Строго говоря, институциональное истолкование проблемы в рамках такой интерпретации вполне возможно, однако сам предмет этой дискуссии в действительности был гораздо сложнее. Вплоть до начала правления Генриха VIII земельные магнаты собирались для вершения политических дел в Magna concilia, или так называемый Большой совет, поэтому вожди оппозиции настаивали на том, чтобы практика была возобновлена, хотя и в несколько измененной форме. Они верили, что «реформа» общества должна быть основной функцией парламента.

Известно, что Генрих VIII выступил с защитой учрежденного порядка в напечатанном «Ответе», в котором попытался показать, что претензии к нему не обоснованны. Он писал о том, что в Тайном совете людей, «достойных по рождению и состоянию», сейчас больше, нежели в начале его правления. Однако Генрих VIII считал незыблемым право монарха самостоятельно выбирать себе советников, напоминая критикам об их обязанностях как подданых. Он пытался реабилитировать право «совета» выступать в качестве важнейшего исполнительного института королевства.
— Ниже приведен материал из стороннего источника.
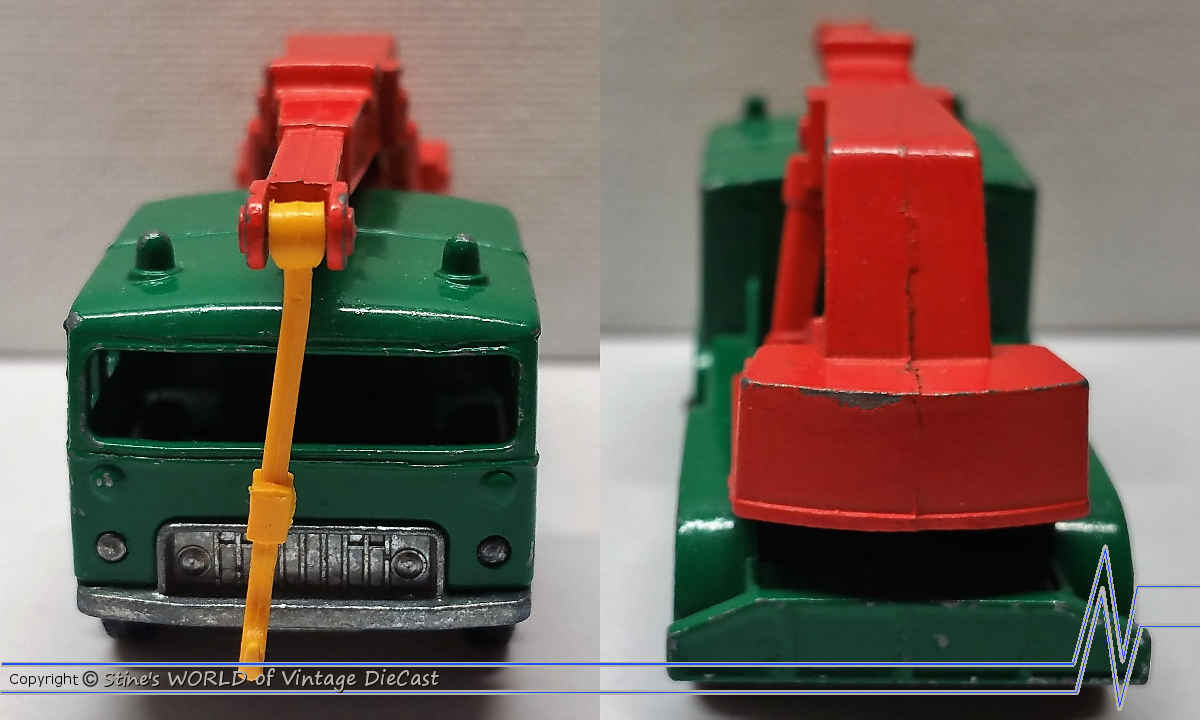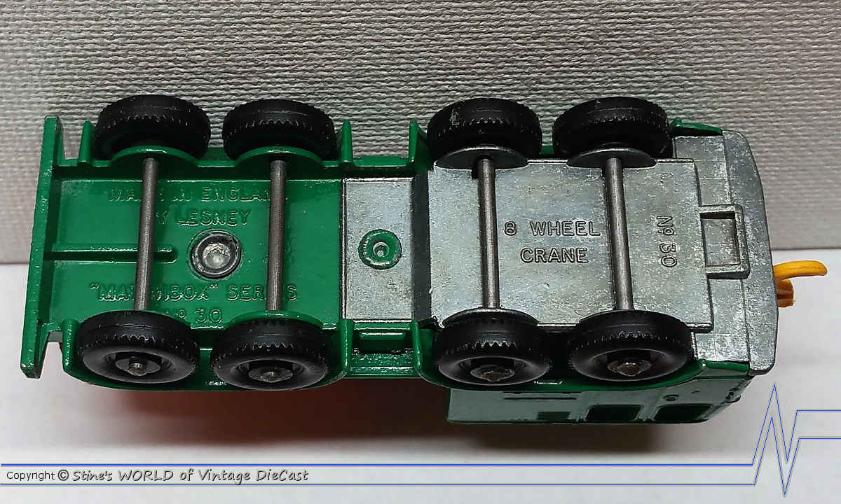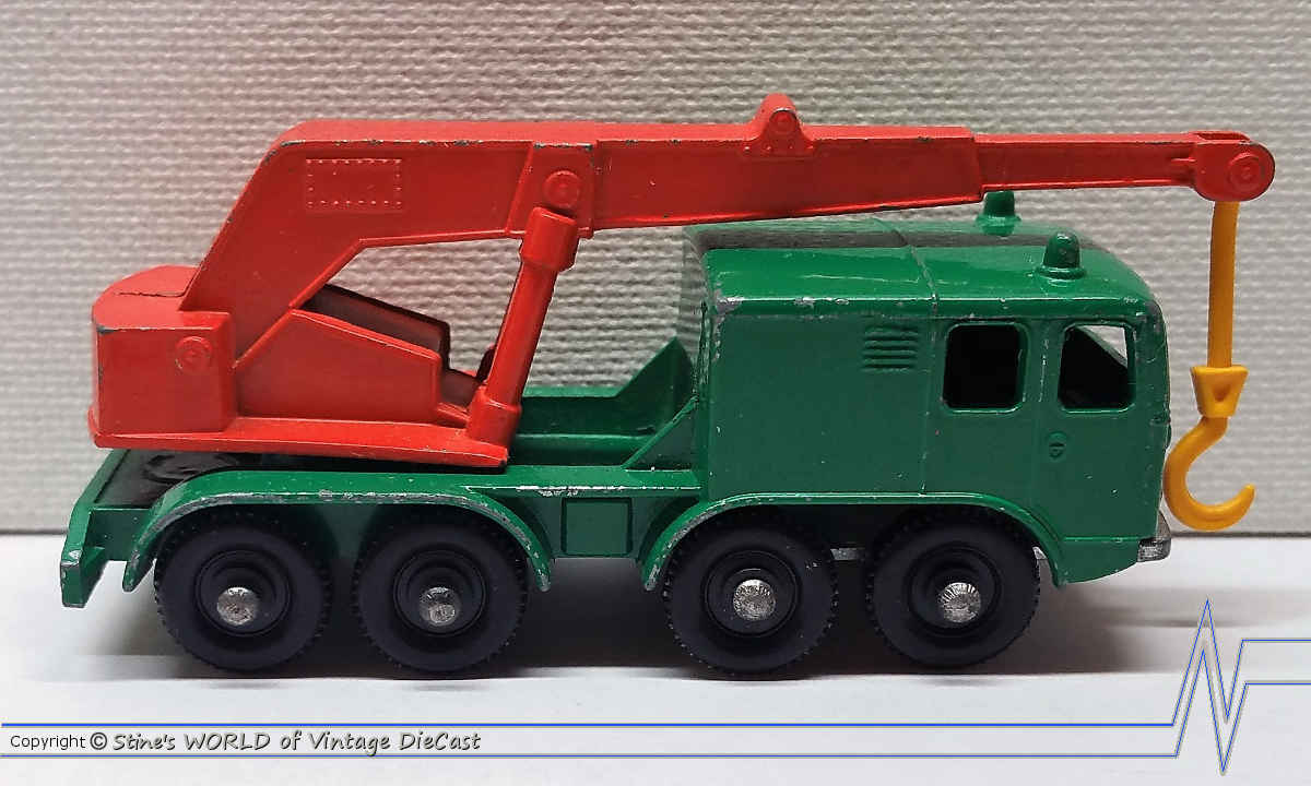 Moko Lesney Matchbox #30c Faun 8 Wheeled Crane (1965) - Green Body with Rear Brace
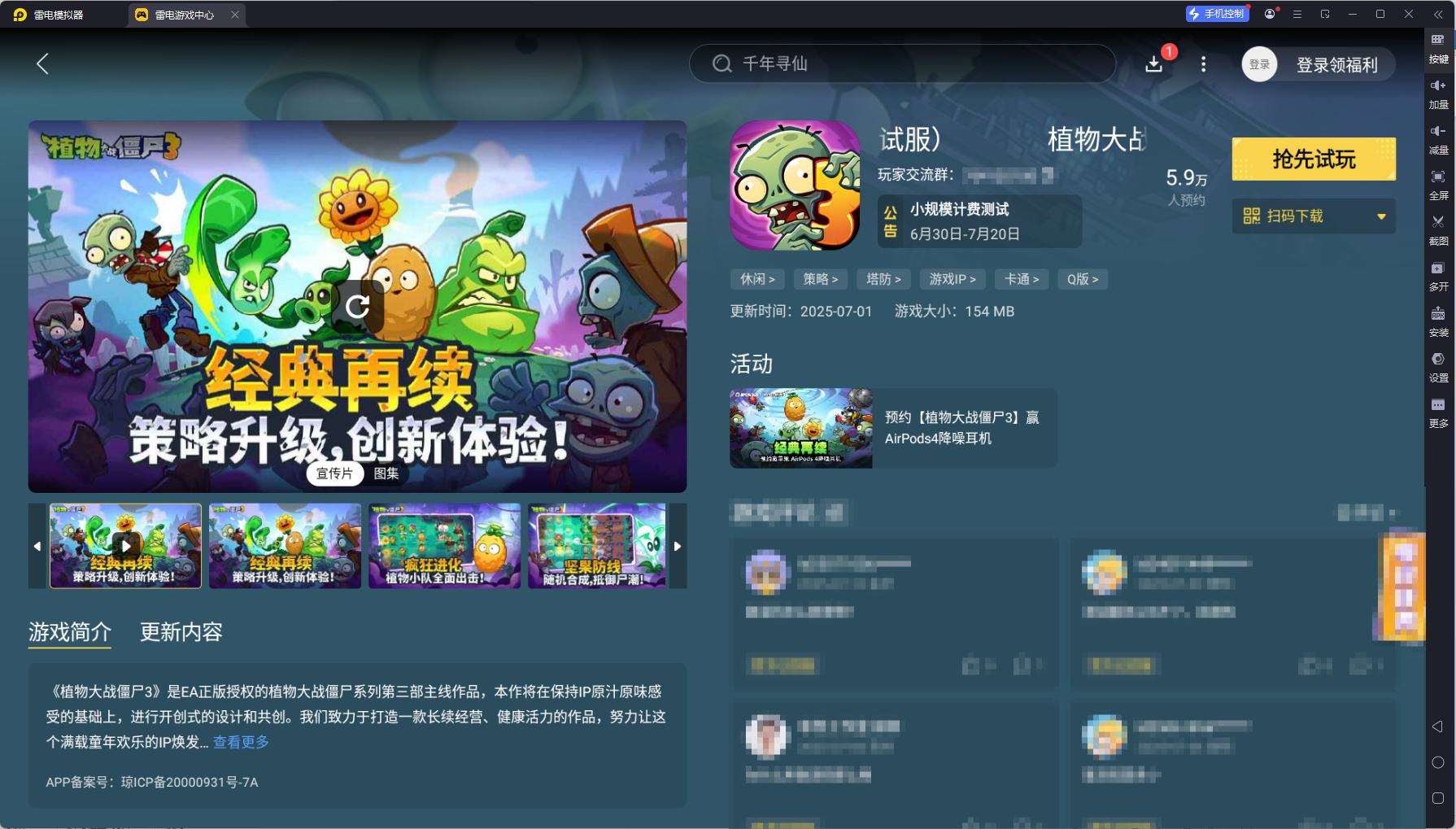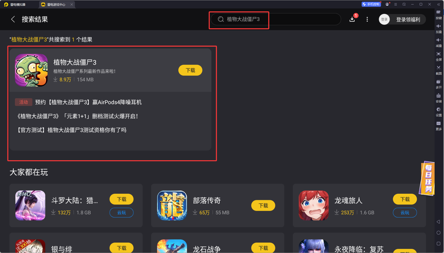 安装完成后,启动雷电模拟器,进入内置的“雷电游戏中心”。在搜索栏输入“植物大战僵尸3”,点击下载即可,无需进行多余操作。
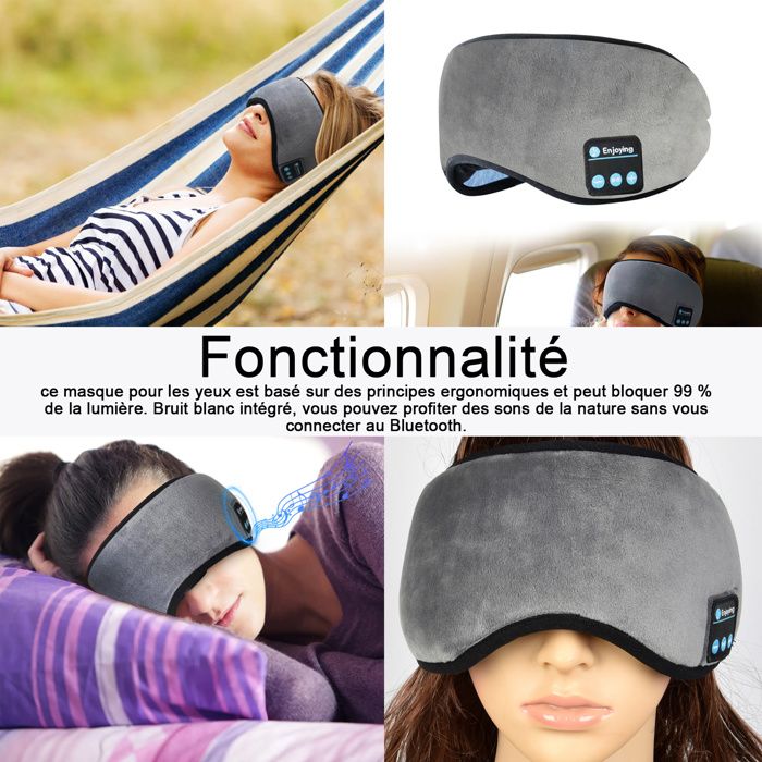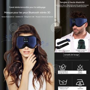 Design de pont de nez doux : afin de répondre à vos différents besoins, que ce soit au bureau, en avion, au lit, etc. Casque intelligent et masque pour les yeux de sommeil 2 en 1. Les écouteurs de sommeil utilisent Smart 5.0 avancé qui fonctionnait mieux que les autres types de... Super longue autonomie en veille : le casque de sommeil sans fil dispose d'une batterie au lithium rechargeable intégrée. Dimensions : 16 x 13 x 6 cm., Poids : environ 100 g. Masque Yeux Bloquant Lumière Lavable Casque De Sommeil Bluetooth 5.0 Sans Fil, Masque Pour Les Yeux Lavable 3D, Haut-parleurs Stéréo Ultra Fins Réglables, Microphone Mains Libres Casque Anti Bruit De Nuit 【Convient à la plupart des appareils】Le cache-œil avec écouteurs permet une correspondance intelligente et est compatible avec la plupart des appareils sur le marché, les téléphones mobiles/tablettes/ordinateurs portables sont très adaptés Vous pouvez le mettre dans votre sac à dos lorsque vous êtes en voyage d'affaires. nous concevons ce design innovant pour casque de sommeil Profitez de 8 heures de musique/conversation. Il faut 1,5 à 2,5 heures pour charger complètement. Klaxon : 32 ohms 0,05 W Batterie : batterie 150 mAh 3,7 V. Charge pendant 2 heures, écoute de la musique pendant 8 heures. On est sur un bon rapport qualité/prix avec ce bandeau connecté conçu pour les personnes qui souhaitent se détendre avant de dormir tout en réduisant le bruit environnant, à condition que celui-ci ne soit pas trop important Caractéristiques du produit : Nom : cache-œil pour casque de sommeil. 【Compatibilité】Nos écouteurs de sommeil sans fil sont si mignons et pratiques, parfaits pour Noël, la fête des mères, ou un anniversaire pour votre famille et vos amis Masque de sommeil intelligent - Bouchons d'oreilles 5.0 - Masque pour les yeux
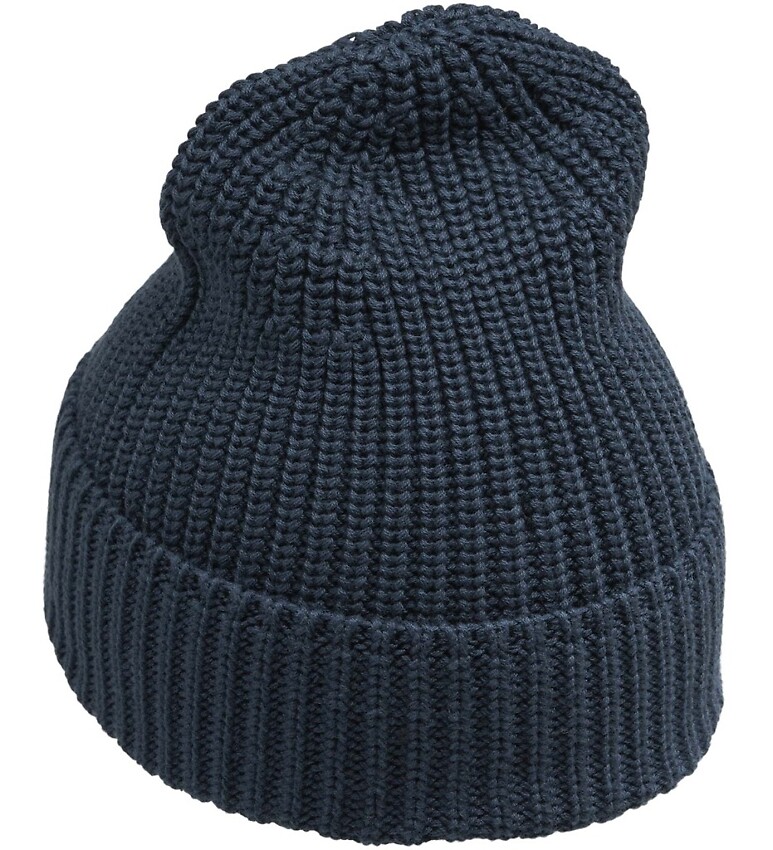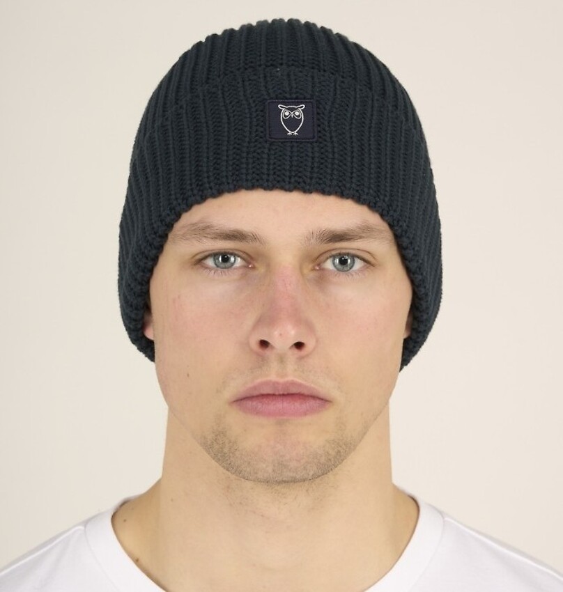 Gerippte Strickmütze aus weicher Biobaumwolle.
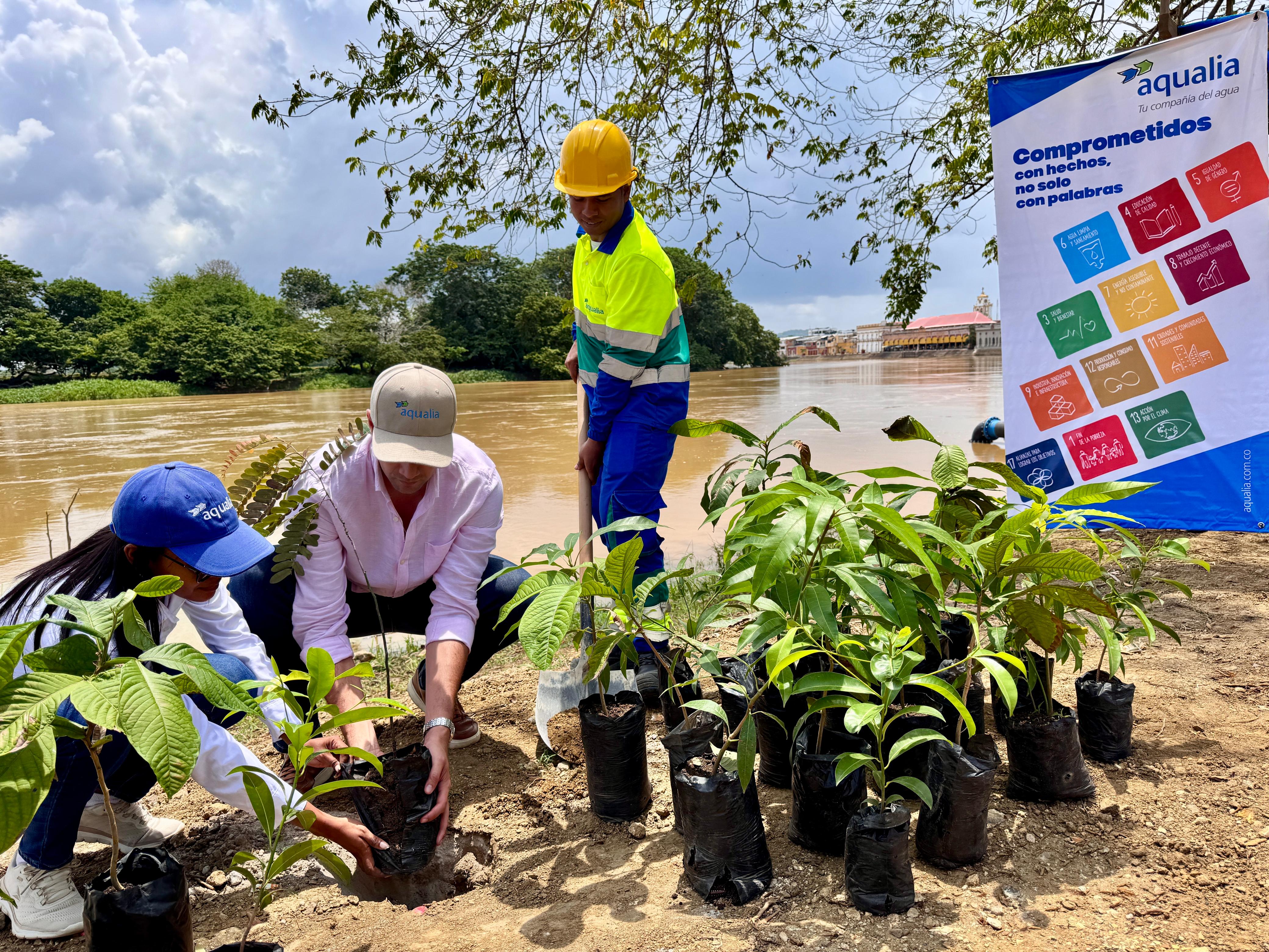 Aqualia se une al Día del Árbol con siembra de especies nativas en la ribera del Río Sinú

Проанализированные интепретации «совета», однако, не отражают существа проблемы. Современники по большей части пользовались традицией, произвольно смешивая составляющие ее компоненты. Кристофер Сент-Жермен длительное время обсуждал рукопись «Диалогов» Старки и первым использовал метод смысловых инреполяций. Таким же образом поступали и позднеелизаветинские и яковинские антикварии и комметаторы. Они из определенных соображений пытались ассимилировать основные идеи концепции «совета» для ограниченного, ответственного и (в аристократическом смысле) представительного управления. В последнем они стремились обосновать функции инстиуционального совета.16 

Сент-Жермен отстаивал интерпретацию, которая была связана с идеей «Great standing council». Совет, по этому варианту, должен был избираться королем, но утверждаться парламентом. Его функции заключались в обеспечении короля должными советами в подготовке серии религиозных и социально-экономических реформ в период между сессиями парламента. Тождество между этим институтом и Тайным советом короля Сент-Жермен специально не истолковывал. В смысле специфических задач он наделял этот совет правом готовить соответствующие ордонансы и, если будет необходимо, следить за их исполнением. Его главная вспомогательная функция сводилась к контролю за статутной деятельностью парламента, что означало контроль над законодательной функцией последнего.17 

Старки в «Диалогах» также касается идеи «совета». Проектируемый в венецианском аристократическом духе совет Старки наделяет авторитетом замещать парламент как таковой. Согласно его версии, совет должен состоять из четырех пэров, двух епископов, четырех судей и такого же числа мудрейших горожан Лондона, которые собираются, «чтобы представлять весь народ... следить за соблюдением свободы во всем королевстве вместе взятом... противодействовать любой тирании, которая может разными способами нависнуть над всем сообществом». Эти достойные во всех отношениях представители английского народа должны противостоять тому, чтобы король и его Тайный совет «не предпринимали ничего, что могло бы противоречить постановлениям его законов и доброй политике». Совету, по Старки, принадлежал авторитет объявлять о созыве парламента от своего имени.18 

Предложения Старки, демонстрируют то, что может сделать человек, хорошо знакомый с европейской традицией и способный соединить ее с «баронскими приоритетами». Если бы «Диалоги» были напечатаны в свое время, то они дали бы прекрасную базу для развертывания теоретических притязаний по ограничению основных прерогатив монархии задолго до «19 предложений», обнародованных в 1642 г. В контексте идей о королевской супрематии это было равносильно контртеории.19

Согласно официальному роялистскому взгляду (впервые сформулированному в акте о суперматии), imperium и личность монарха были неразрывно связаны: одно вытекало из другого. В этом смысле парламент мог лишь декларировать то, что уже было свершившимся фактом, и не более.20

Мы уже упоминали утверждение Бэкона относительно незыблмемой связи между королевским сувернитетом и идеей совета. Начиная с «Ответа» Сент-Жермену и кончая «О законах церковной политики» Р. Гукера, эта связь анализировалась главным образом в контексте королевской супрематии. Нерешенным вопросом данной дискуссии было положение, связанное с отношением к роли парламента. Юристы общего права настаивали на том, что прерогативы короны регулируются положением общего права. На этом строилось утверждение, что королевская супрематия существует, поскольку существует парламент. Более того, король способен реализовать свое право, только находясь в парламенте. Последний правомочен толковать, что это право означает.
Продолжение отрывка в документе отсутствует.